Objectives: To compare the ability of standard versus enhanced models to predict future high-cost patients, especially those who move from a lower to the upper decile of per capita healthcare expenditures within 1 year-that is, 'cost bloomers'.
Design: We developed alternative models to predict being in the upper decile of healthcare expenditures in year 2 of a sample, based on data from year 1. Our 6 alternative models ranged from a standard cost-prediction model with 4 variables (ie, traditional model features), to our largest enhanced model with 1053 non-traditional model features. To quantify any increases in predictive power that enhanced models achieved over standard tools, we compared the prospective predictive performance of each model.

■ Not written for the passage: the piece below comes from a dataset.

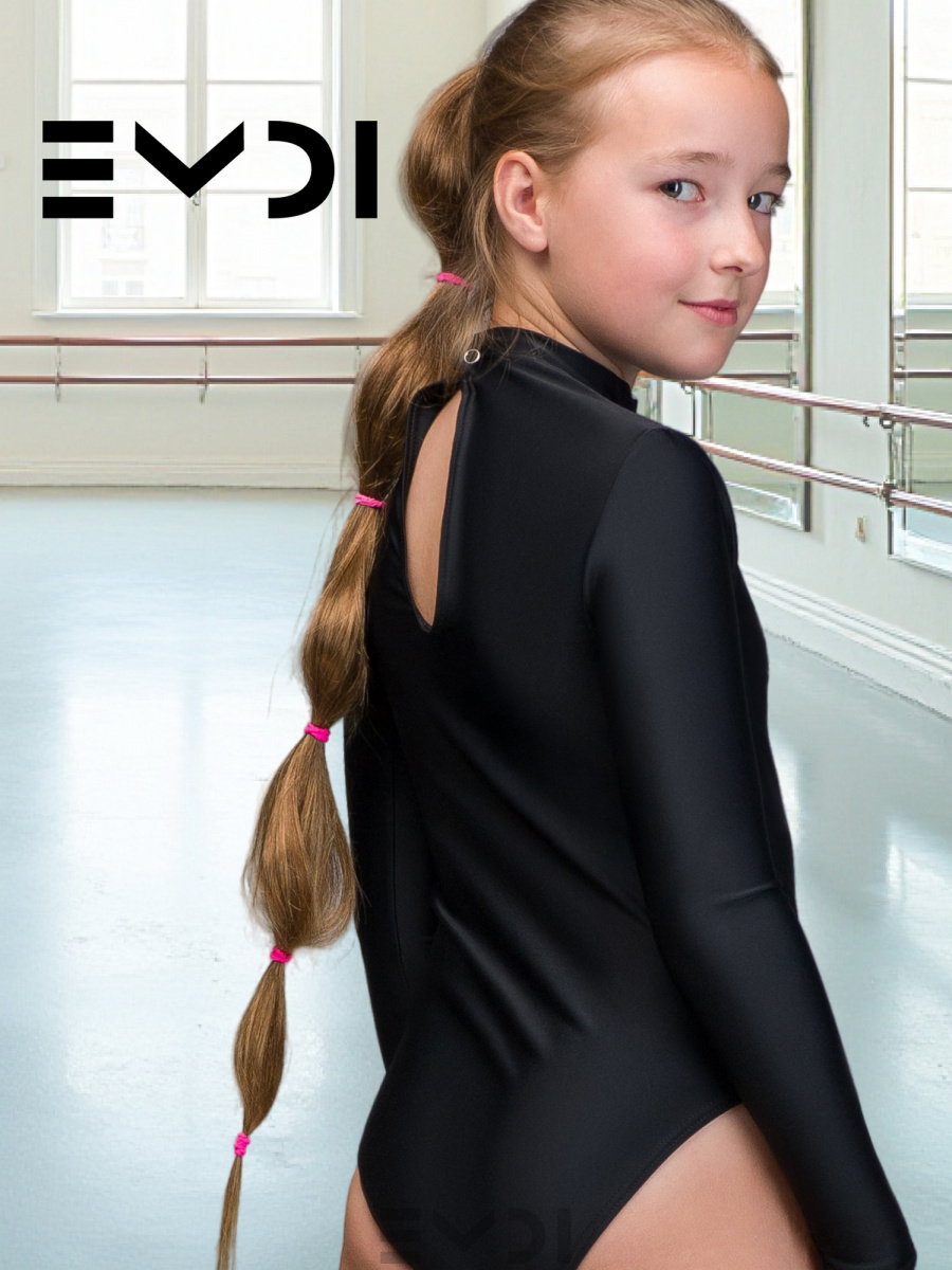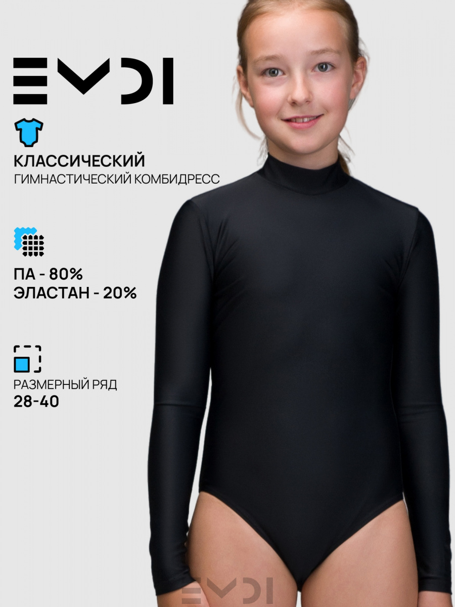 Классический гимнастический комбидресс с закрытым воротничком-стойка. Длина рукава соответствуют требованиям гимнастических школ.

Participants and setting: We used the population of Western Denmark between 2004 and 2011 (2 146 801 individuals) to predict future high-cost patients and characterise high-cost patient subgroups. Using the most recent 2-year period (2010-2011) for model evaluation, our whole-population model used a cohort of 1 557 950 individuals with a full year of active residency in year 1 (2010). Our cost-bloom model excluded the 155 795 individuals who were already high cost at the population level in year 1, resulting in 1 402 155 individuals for prediction of cost bloomers in year 2 (2011).
Primary outcome measures: Using unseen data from a future year, we evaluated each model's prospective predictive performance by calculating the ratio of predicted high-cost patient expenditures to the actual high-cost patient expenditures in Year 2-that is, cost capture.
Results: Our best enhanced model achieved a 21% and 30% improvement in cost capture over a standard diagnosis-based model for predicting population-level high-cost patients and cost bloomers, respectively.
Conclusions: In combination with modern statistical learning methods for analysing large data sets, models enhanced with a large and diverse set of features led to better performance-especially for predicting future cost bloomers.
Keywords: high-cost patients; predictive analytics.